Since the input data exists in a form a list of ingredients, Tokenization Process is not required.
Therefore, the focus is on researching different methods to convert a text sequence to a vector (Vectorization).

[ Vectorization ]

1. Word Vectors Aggregation

Word vectors aggregation is one of the popular and baseline approach if the vectors for the words are available or easily obtainable.
'Averaging' and 'Max-pooling' are two of the most frequent operations for aggreation.

averaging
max-pooling

2. Topic Modeling

Topic modeling obtains a hidden vector consists of dimensions that represent a topic.
Example of Topic Modeling

A vector: ["dinosaurs","amusement parks","extinctino"]

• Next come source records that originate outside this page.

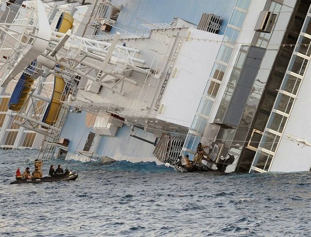 イタリア中部ジリオ島沖500mで大型クルーズ船「コスタ・コンコルディア号」が2012年1月13日午後8時ごろ、座礁、浸水、転覆。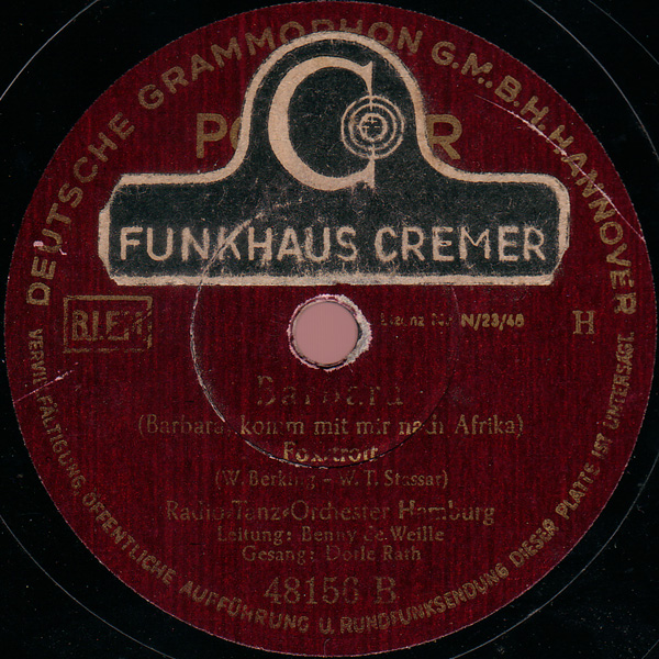 HORST FISCHER-tp-solo, FRITZ PETZ-tp, EGON KÜSTER-tp, HERBERT REICH-tp, LUDWIG FASSOLD-tp, ALBERT MANGELSDORFF-tb, ERNST STÄHR-tb, HEINRICH HOFMAN-tb, A. STOCK-HAUS-tb, HEINZ KRELL-as, ARTHUR KOPPERNOK-as, MENNO BOLDT-ts, PHILLIP RÖSSER-ts, WALDEMAR HELLBOURG-bars, LOUIS FREICHEL-p, WERNER DIES-g, RUDI WEGENER-b, BENNO SCHILLING-d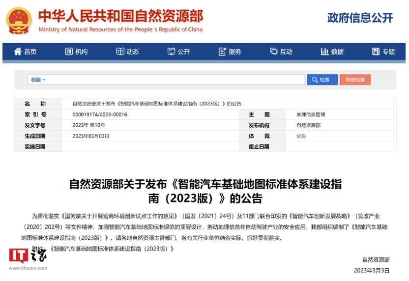 3 月 7 日消息,IT之家從自然資源部網(wǎng)站獲悉,為加強智能汽車基礎(chǔ)地圖標準規(guī)范的頂層設(shè)計,推動地理信息在自動駕駛產(chǎn)業(yè)的安全應用,自然資源部組織編制了《智能汽車基礎(chǔ)地圖標準體系建設(shè)指南(2023 版)》(以下簡稱《建設(shè)指南》)。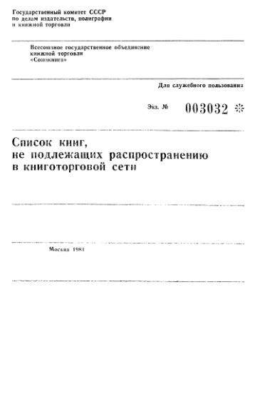 Список книг, не подлежащих распространению в книготорговой сети. 1981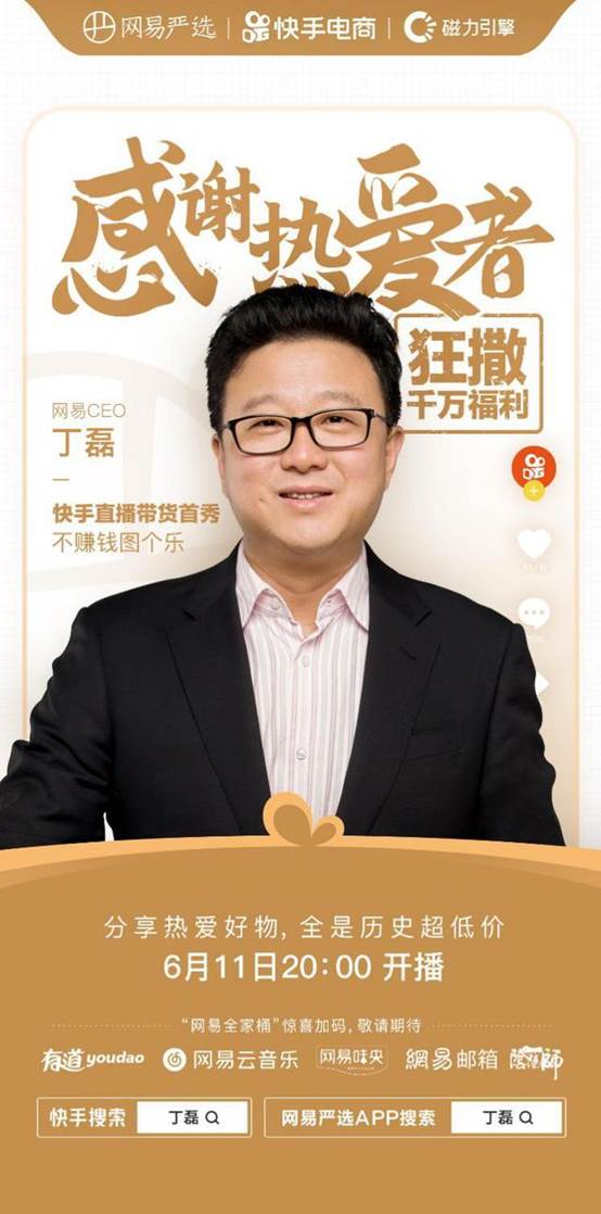除了上市敲钟,丁磊还马不停蹄地开启 “带货”模式,今晚8点,他还要在快手直播,为网易全家桶带货。

"Jurassic Park" storyline : [1.0,0.6,0.05]
"Cretaceous-Tertiary extinction" : [0.8,0.0,1.0]

3. Recurrent Models

Recurrent models, utilise the innate ability of recurrent neural networks.
Recurrent models are composed of an encoder and decoder, where the encoder accumulates the sequence meaning and its internal final state is used as embeddings.

4. Bag of Words (BOW)

BOW technique vectorizes a text by using one dimension per word where the value represents the weight of the word in the text. It disregards the order and the syntax of a text.
Example of BOW
(1) John likes to watch movies. Mary likes movies too.
(2) Mary also likes to watch football games.

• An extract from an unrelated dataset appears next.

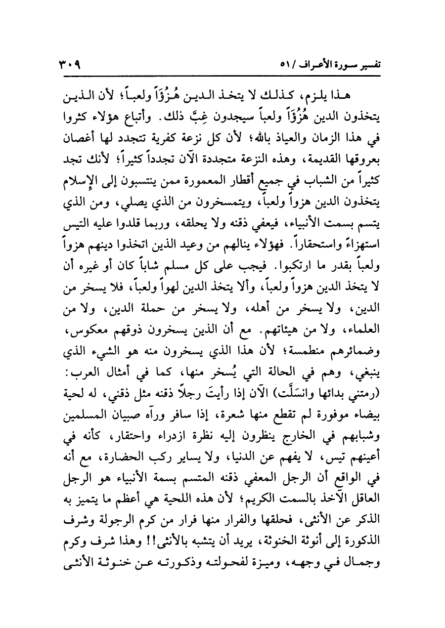 هذا يلزم، كذلك لا يتخذ الدين هُزُؤاً ولعباً؛ لأن الذين يتخذون الدين هُزُؤًا ولعباً سيجدون غِبَّ ذلك. وأتباع هؤلاء كثروا في هذا الزمان والعياذ بالله؛ لأن كل نزعة كفرية تتجدد لها أغصان بعروقها القديمة، وهذه النزعة متجددة الآن تجدداً كثيراً؛ لأنك تجد كثيراً من الشباب في جميع أقطار المعمورة ممن ينتسبون إلى الإسلام يتخذون الدين هزؤاً ولعباً، ويتمسخرون من الذي يصلي، ومن الذي يتسم بسمت الأنبياء، فيعفي ذقنه ولا يحلقه، وربما قلدوا عليه التيس استهزاءً واستحقاراً، فهؤلاء ينالهم من وعيد الذين اتخذوا دينهم هزؤاً ولعباً بقدر ما ارتكبوا، فيجب على كل مسلم شابّاً كان أو غيره أن لا يتخذ الدين هزواً ولعباً، وألا يتخذ الدين لهواً ولعباً، فلا يسخر من الدين، ولا يسخر من أهله، ولا يسخر من حملة الدين، ولا من العلماء، ولا من هيئاتهم. مع أن الذين يسخرون ذوقهم معكوس، وضمائرهم منطمسة؛ لأن هذا الذي يسخرون منه هو الشيء الذي ينبغي، وهم في الحالة التي يُسخر منها، كما في أمثال العرب: (رمتني بدائها وانسَلَّت) الآن إذا رأيتَ رجلاً ذقنه مثل ذقني، له لحية بيضاء موفورة لم تقطع منها شعرة، إذا سافر ورآه صبيان المسلمين وشبابهم في الخارج ينظرون إليه نظرة ازدراء واحتقار، كأنه في أعينهم تيس، لا يفهم عن الدنيا، ولا يساير ركب الحضارة، مع أنه في الواقع أن الرجل المعفي ذقنه المتسم بسمة الأنبياء هو الرجل العاقل الآخذ بالسمت الكريم؛ لأن هذه اللحية هي أعظم ما يتميز به الذكر عن الأنثى، فحلقها والفرار منها فرار من كرم الرجولة وشرف الذكورة إلى أنوثة الخنوثة، يريد أن يتشبه بالأنثى!! وهذا شرف وكرم وجمال في وجهه، وميزة لفحولته وذكورته عن خنوثة الأنثى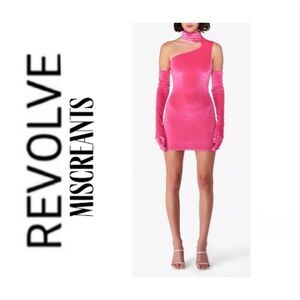 NWOT Miscreants x Revolve Pink Velvet Choker Mini Dress (No Gloves) UK8 US4

The vocab for the above sentences would be as below with the deletion of the stopwords(eg. "to").

V ={John, likes, watch, movies, Mary, too, also, football, games}

(1) [1,2,1,2,1,1,0,0,0]

(2) [0,1,1,0,1,0,1,1,1]

4.1 Existence of Words Strategy

(1) [1,1,1,1,1,1,0,0,0]

(2) [0,1,1,0,1,0,1,1,1]
-Indicates the presence of the word in the vector with 1,0
-All words are equally relevant

4.2 Words Count Strategy

(1) [1,2,1,2,1,1,0,0,0]

(2) [0,1,1,0,1,0,1,1,1]

Count the occurrences of each word
Higher values == higher relevance

4.3 Term Frequency (TF) Strategy

$TF(t)=\frac{\sf Number \space of \space times \space term \space t \space appears \space in \space a \space document}{\sf Total \space number \space of \space terms \space in \space the \space document}$

(1) [1/8, 2/8, 1/8, 2/8, 1/8, 1/8, 0/8, 0/8, 0/8]

→ [0.12, 0.25, 0.12, 0.25, 0.12, 0.12, 0.00, 0.00, 0.00]

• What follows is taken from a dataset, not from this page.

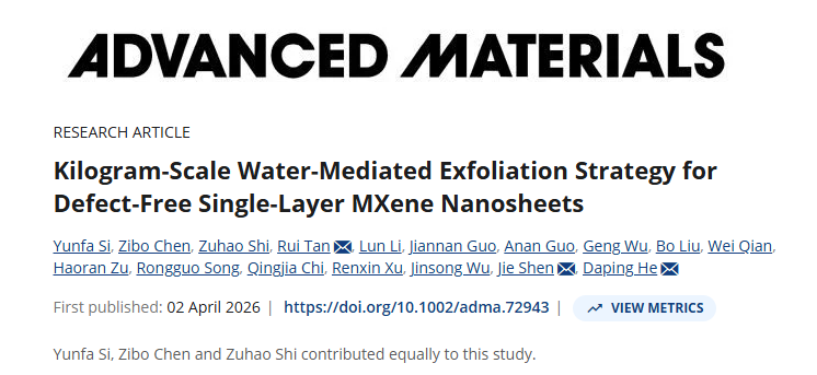 近日,我园何大平教授团队在二维材料制备领域取得重大突破,实现了公斤级无损MXene纳米片的扩展合成。相关研究成果以“Kilogram-Scale Water-Mediated Exfoliation Strategy for Defect-Free Single-Layer MXene Nanosheets”为题,我园为第一完成单位发表在材料科学领域TOP期刊《Advanced Materials》上。海南专项博士研究生司运发、陈子柏,以及武汉理工大学博士后史祖皓为本文的共同第一作者。

(2) [0/6, 1/6, 1/6, 0/6, 1/6, 0/6, 1/6, 1/6, 1/6]

→ [0.00, 0.16, 0.16, 0.00, 0.16, 0.00, 0.16, 0.16, 0.16]

Retains the relative frequency of words

4.4 Term Frequency-Inverse Document Frequency (TF-IDF) Strategy

$IDF(t)=log_e\frac{\sf Total \space number \space of \space documents}{\sf Number \space of \space documents \space with \space term \space t \space in \space it}$

Example of IDF values

[ln(2/1), ln(2/2), ln(2/2), ln(2/1), ln(2/2), ln(2/1), ln(2/1), ln(2/1), ln(2/1)]

→ [0.69, 0.0, 0.0, 0.69, 0.0, 0.69, 0.69, 0.69, 0.69]

TF-IDF:
(1) [0.12*0.69, 0.25*0.00, 0.12*0.00, 0.25*0.69, 0.12*0.00, 0.12*0.69, 0.00*0.69, 0.00*0.69, 0.00*0.69]
→[0.08, 0.00, 0.00, 0.17, 0.00, 0.08, 0.00, 0.00, 0.00]

(2) [0.00*0.69, 0.16*0.00, 0.16*0.00, 0.00*0.69, 0.16*0.00, 0.00*0.69, 0.16*0.69, 0.16*0.69, 0.16*0.69]
→[0.00, 0.00, 0.00, 0.00, 0.00, 0.00, 0.11, 0.11, 0.11]

dinimishes the weight of words with high occurrence rate

5. Bag of N-Grams

Bag of n-grams is an augmented model that generates a vector from a text as combinations of words appear in a specific order.
→ the use of larger n-gram results in extesively lengthened vectors

6. Doc2Vec

Doc3Vec uses a special token D at the beginning of the text which represents the whole sequence, in accordance with the distributional hypothesis:
"words that occur in the same contexts tend to have similar meanings".

7. Biodirectional Encoder Representations from Transformer (BERT)

BERT produces a vector which represents the whole sequence via token[CLS], and for every token in the sequence.

8. Sentence BERT (SBERT)

SBERT is a variant of BERT which specialises in the efficient comparison of sentences with following technique:

use the siamese and triplet network structure
→derive semantically meaningful sentence embedding
use the cosine similarity to compare the sentences
Training Architecture of SBERT

Inference Process With SBERT

9. InferSent (by Facebook)

InferSent is a sentence embedding method that provides semantic sentence representations.
It consists of training NN encoders of different architectures such as GRUs,LSTMs, and BiLSTMs on the Standford Natural Language Inference task.